So my husband and I got married 4 years ago.
We didn’t live together due to cultural reasons. He is 42 and I am 34.
Anyway,
Before marriage:
I was already earning over £150k. I already owned a property that I was renting out. I also had considerable savings that I made over the years.
My husband also earns well (90k). Has a property and he wanted his property to be the marital home. (His idea).
When we got married he said he’d take care of the bills. I did offer to go splits on all the bills including mortgage, as didn’t think it was fair on him. He insisted he wanted to do it solely as it’s a “man’s job”.
Throughout the course of marriage… I’ll get all the groceries, holidays, gifts etc. I also do majority of the savings for both of us. As a way of contributing.
What’s frustrating is…
Whenever we argue, it could be about the smallest and unrelated thing ever, he’ll always bring my salary into it. He’ll make remarks such as “you think you are better coz you earn more”.
Bear in mind, I have NEVER SAID to him I earn more or ever thought I was better.
Or he’ll make remarks about how I have had life easy coz I got a house that I rent out etc (ignoring the fact that I worked for it and being a LL isn’t easy in this day and age).
I’ve spent many occasions reassuring him that what we have is for both of us. The savings and investments I make, it’s for both of us. I don’t think I’m better and that I value that he provides a roof over my head etc.
it’s just never enough.
In arguement he’ll always remind me it’s his house I live in. But in return I never remind him of the food and outings he does is because of me. Or most of the furniture is what I paid for. It’s petty.

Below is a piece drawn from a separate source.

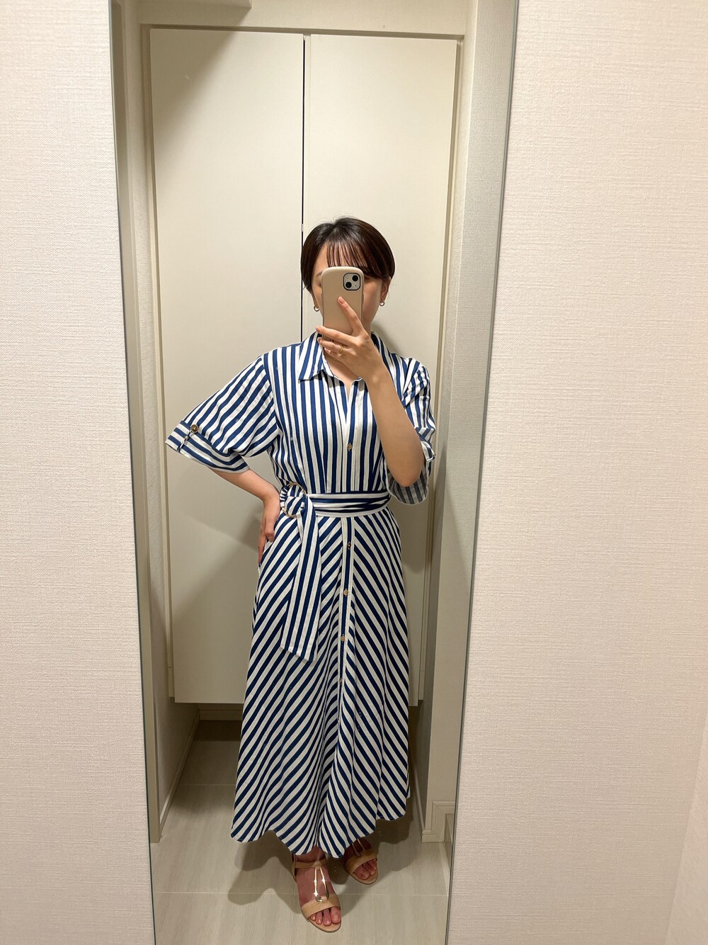体も心も背筋が伸びるZARAの夏ワンピ👗 ◈腰周りの余裕をベルトでスッキリ見せ ◈ちょっと緑がかったブルー×ゴールドボタン・ピアス (イエベ肌の人向け) ◈ストライプ柄で縦ライン強調 (骨格ストレート向け) ◈オープンカラー (骨格ストレート向け) ※さすが海外デザイン…!着るだけでテンション上がるけれど、胸元の開き具合だけ気になる方は注意⚠️

Recently he’s accused me of sleeping my way to the top that’s how I got the job. He also remarked I physically disgust him as my body is gross (first time he’s ever said this), and his ex is better. And that I think I’m special because “you have some money and assets”.
I just don’t get it why he always mentions this in every arguement. Im now believing he’s jealous of me. Even writing this out seems crazy to me. Maybe I’m wrong. But my gut is telling me it’s jealousy. If so, can you ever come past this?